Adult: For the maintenance of abstinence in alcohol-dependent patients: <60 kg: 666 mg at breakfast, 333 mg at noon and 333 mg at night; ≥60 kg: 666 mg tid. Treatment should be initiated as soon as possible after the alcohol withdrawal period and maintained if the patient relapses. Dosing recommendations may vary among individual products and between countries (refer to specific product guidelines). Elderly: Not recommended. Treatment recommendations may vary among individual products and between countries (refer to specific product guidelines).
Renal Impairment
CrCl (mL/min)
Dosage
<30
Contraindicated.
30-50
Initially, 333 mg tid.
Dosing recommendations may vary among individual products and between countries (refer to specific product guidelines).
Administration
May be taken with or without food. Swallow whole & do not chew/crush/cut. Consult product literature for specific recommendations.
Contraindications
Severe renal impairment (CrCl <30 mL/min).
Special Precautions
Patient with suicidal ideation. Moderate renal impairment (CrCl 30-50 mL/min) and severe hepatic impairment (Child-Pugh class C). Elderly. Pregnancy and lactation.
Adverse Reactions
Significant: CNS depression; suicidal thinking or behaviour. Gastrointestinal disorders: Nausea, vomiting, diarrhoea, abdominal pain, flatulence. Reproductive system and breast disorders: Frigidity, impotence. Skin and subcutaneous tissue disorders: Pruritus, maculopapular rash.

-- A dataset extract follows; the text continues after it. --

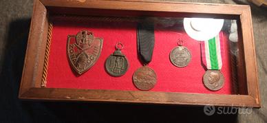 cofanetto in legno per medaglie, spille,ecc interno in panno per poter fissare con delle spillette...può essere posto sia in verticale che in appoggio.... (le medaglie non sono comprese,ma dimostrative del funzionamento è misure .. valuto offerte sensate per l'oggetto in se. per info è altro contattare

This drug may cause CNS depression, if affected, do not drive or operate machinery.
Monitoring Parameters
Monitor renal function and weight. Assess for signs of suicidal ideation.
Overdosage
Symptoms: Diarrhoea. Management: Symptomatic and supportive treatment.
Drug Interactions
Increased plasma concentration with naltrexone.
Food Interaction
Decreased absorption with food.
Action
Description: Mechanism of Action: Acamprosate is a homotaurine analogue which interacts with glutamate and γ-aminobutyric acid (GABA) neurotransmitter systems in the CNS. It is believed to act by increasing the activity of the GABAergic system and decreasing the activity of glutamate within the CNS. Additionally, it restores the balance between GABA and glutamate activities which appear to be disrupted in alcohol use disorder. Pharmacokinetics: Absorption: Moderate, slow and sustained absorption from the gastrointestinal tract. Decreased absorption with food. Bioavailability: Approx 11%. Time to peak plasma concentration: 3-8 hours. Distribution: Crosses the blood-brain barrier. Volume of distribution: Approx 1 L/kg. Excretion: Via urine (as unchanged drug). Elimination half-life: 20-33 hours.